Our data showed that all the SDNN, RMSSD and LF/HF of recurrence-free and recurrence groups displayed a separation and coincidence tendency after the ablation, which might reflect the injury and repair of PV after ablation. Nevertheless, no stable tendency of the HRV parameters was found. A study examining 636 Chinese subjects without heart disease showed that DC, SDNN, RMSSD varied by age, gender and circadian rhythm[22]. DC decreased gradually with age increase in normal population, the average DCs of subjects aged 50–59 and 60–70 years old were 6.61 ± 1.38 and 6.18 ± 1.93 ms respectively. In our study, the average age of the subjects was 60.0 ± 10.1 years old, their average DC before ablation (7.15 ± 2.15 ms) was higher than above normal Chinese with similar age. This difference may also be explained by that AF associated with higher vagal tension[18,19].

In our report, 85 (55.2%), 26 (16.9%) and 74 (48.1%) subjects were treated with amiodarone,propafenone and metoprolol, respectively. As we know, amiodarone slows conduction rate and prolongs the refractory period of the SA and AV nodes;[23] propafenone slows the influx of sodium ions into the cardiac muscle cells, causing a decrease in excitability of the cells;[24] and metoprolol blocks β1 adrenergic receptors in heart muscle cells, thereby decreasing the slope of phase 4 in the nodal action potential and prolonging repolarization of phase 3[25]. In general, these medicines are mainly to control arrhythmia by affecting the action potential of cardiac myocytes. DC and AC are derived from the heartbeat intervals. Thus, amiodarone, propafenone and metoprolol administration should have limited effect on AC and DC. Be the evidence, our data showed that none of the three medicines changed the HRV indexes or AC and DC significantly, which is also consistent with other reports partially[26,27].

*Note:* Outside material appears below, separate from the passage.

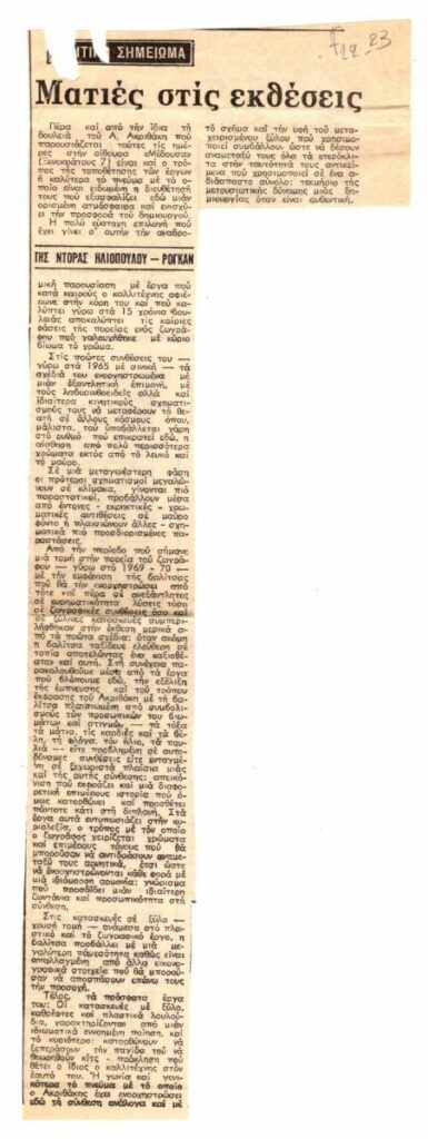 Απόκομμα, χαρτί, 32×11,5 εκ., στα ελληνικά, κριτικής έκθεσης του Αλέξη Ακριθάκη, η οποία διεξάγεται στην γκαλερί “Μέδουσα” στην Αθήνα.

Since Kantelhardt JW et al. applied the PRSA algorithm in AC and DC of the heart rate[17], more and more studies have found that AC and DC are related not only to physiological activity but also to a number of pathophysiological states. DC decreased gradually with age increase in normal population;[22] the magnitudes of DC and AC increased progressively as breathing frequency decreased;[28] lower DC of heart rate is a strong and independent predictor of 1-year mortality in patients with severe aortic stenosis undergoing transcatheter aortic valve implantation;[29] AC is positively associated with heart failure grade in patients with dilated cardiomyopathy;[16] lower DC assessed from short-term recordings is a strong and independent predictor of mortality and cardiovascular mortality after myocardial infarction[30]. These reports showed the complex role of ANS in the physiological and pathological process. More extensive and deeper researches are needed to figure out the overview of ANS.

There are several limitations in our study, firstly, we had only followed up the patients for only 6 months, we will continue to observe these patients and will provide long-term data in our next study; secondly; we computed the AC and DC under scales T = 1 and s = 2 only, we had not computed the AC/DC using other scales.